20th President of Hamilton College
- In office July 1, 2016 – June 30, 2024
- Preceded by: Joan Hinde Stewart
- Succeeded by: Steven Tepper

Personal details
- Born: 1954 (age 70–71)
- Education: Princeton University (BA) Yale University (MA, JD)

= David Wippman =

American lawyer

David Wippman (born December 1954) is an American lawyer who served as the 20th president of Hamilton College in Clinton, New York. Sociologist Steven Tepper was announced as Wippman's successor effective July 1, 2024.

== Education ==

Wippman graduated summa cum laude with an A.B. in English from Princeton University in 1976 after completing a 143-page long senior thesis titled "Malory and the Fall of Camelot" about Thomas Malory.

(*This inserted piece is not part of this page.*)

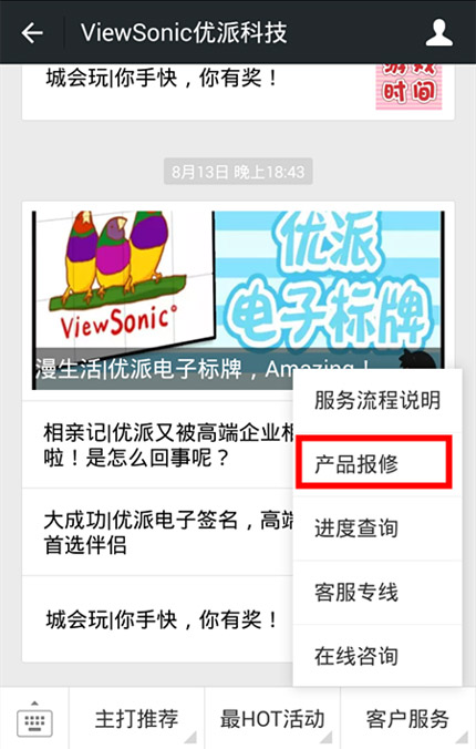 優派服務大升級的第一重驚喜,就是通過優派官方微信平臺報修產品,再也不必費周折地聯系電話客服,再也不用輸入螞蟻蝌蚪般的序列號。只要點擊優派官方微信平臺中的客戶服務下的產品保修,掃掃機器背后的序列號二維碼,即可自動填入序列號信息,大幅減少報修時間,讓產品報修從此輕松搞定。

He earned an M.A. in English literature from Yale University, and a J.D. from Yale Law School. During law school, Wippman served as the editor-in-chief of the Yale Law Journal. He also clerked for Wilfred Feinberg, a Judge of the United States Court of Appeals for the Second Circuit.

== Career ==
After graduating from law school, Wippman practiced law in Washington, D.C., specializing in international law and political consulting. He served as vice provost of Cornell University for international relations and dean of the Cornell Law School. Prior to serving as president of Hamilton College, Wippman was dean of the University of Minnesota Law School. He has also been a visiting professor at Ulster University. Wippman took office as president on July 1, 2016, succeeding Joan Hinde Stewart.

On March 12, 2020, Wippman cancelled in-person instruction at Hamilton College for the rest of the spring semester. On June 1, 2020, Wippman co-authored an opinion piece titled "How Colleges Can Keep the Coronavirus Off Campus" in The New York Times about returning students to campus in the fall 2020 semester.

Wippman has previously authored op-eds in The New York Times, The Hill, and Inside Higher Ed.

On May 16, 2023, Wippman announced his intention to retire on June 30, 2024.